Circuit breakers are supported at the edge of a cluster using a gateway, or when a workload is enrolled in the waypoint layer.

Circuit breaking is a resiliency mechanism that temporarily stops requests to a downstream service when it is detected to be unhealthy. It helps prevent cascading failures by blocking traffic to services that are overloaded, unresponsive, or returning too many errors. Once the service recovers, the circuit breaker automatically resumes traffic.

Because circuit breaking is implemented between services in the ambient mesh, and the configuration is generally specified by the downstream service owner, it can also be thought of as an implementation of the load shedding pattern.

In this guide you will learn how to set up and monitor circuit breakers in your ambient mesh.

Prerequisites

You should have a running Kubernetes cluster with Istio installed in ambient mode. Ensure your default namespace is added to the ambient mesh:

$ kubectl label ns default istio.io/dataplane-mode=ambient

Deploy sample services

To test circuit breaking, you will deploy a service, httpbin, and two clients: curl, which lets you send a single request, and fortio, a load testing tool, which provides the ability to specify a number of requests to send and a concurrency level.

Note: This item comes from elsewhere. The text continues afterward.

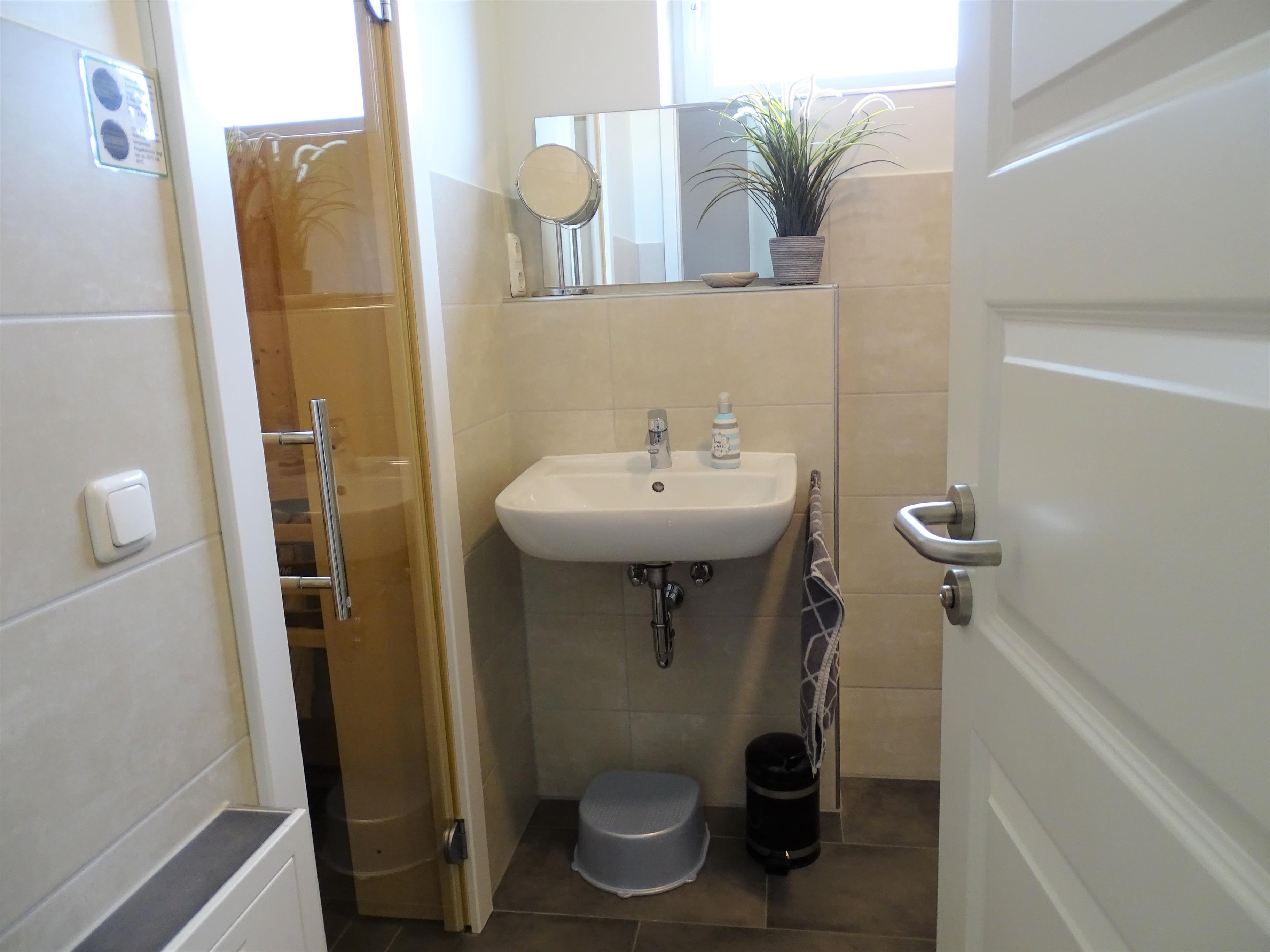 1 Schlafzimmer mit Doppelbett 180x200 und Fernseher sowie jeweils 1 Schlafzimmer mit einem Einzelbett 90x200. Ein Badezimmer mit Sauna und Dusche und ein Gäste- WC stehen in diesem Ferienobjekt zur Verfügung.

$ kubectl apply -f https://raw.githubusercontent.com/istio/istio/release-1.26/samples/httpbin/httpbin.yaml
$ kubectl apply -f https://raw.githubusercontent.com/istio/istio/release-1.26/samples/curl/curl.yaml
$ kubectl apply -f https://raw.githubusercontent.com/istio/istio/release-1.26/samples/httpbin/sample-client/fortio-deploy.yaml

Deploy a waypoint

When configuring circuit breaking, you are configuring aspects of a proxy as it makes calls to a target service. For example, you will be configuring HTTP maximum requests per connection. Because this is a layer 7 attribute, it requires the deployment of a waypoint proxy.

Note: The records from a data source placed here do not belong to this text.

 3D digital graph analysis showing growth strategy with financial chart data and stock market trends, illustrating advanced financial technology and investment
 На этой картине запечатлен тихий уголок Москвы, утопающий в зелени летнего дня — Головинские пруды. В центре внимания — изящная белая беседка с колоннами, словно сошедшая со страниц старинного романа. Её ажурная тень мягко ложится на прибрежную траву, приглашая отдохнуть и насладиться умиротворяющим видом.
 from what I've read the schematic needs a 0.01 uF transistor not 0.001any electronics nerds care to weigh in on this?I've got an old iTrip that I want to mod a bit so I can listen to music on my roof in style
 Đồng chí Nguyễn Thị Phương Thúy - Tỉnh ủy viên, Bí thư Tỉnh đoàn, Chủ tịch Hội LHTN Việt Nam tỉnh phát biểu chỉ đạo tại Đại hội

If you don’t already have a waypoint installed for the default namespace, install one:

$ istioctl waypoint apply -n default --enroll-namespace --wait

For more information on using waypoints, see Configuring waypoint proxies.

Turn on waypoint logging

Waypoint access logging is off by default, and can be turned on using Istio’s Telemetry API.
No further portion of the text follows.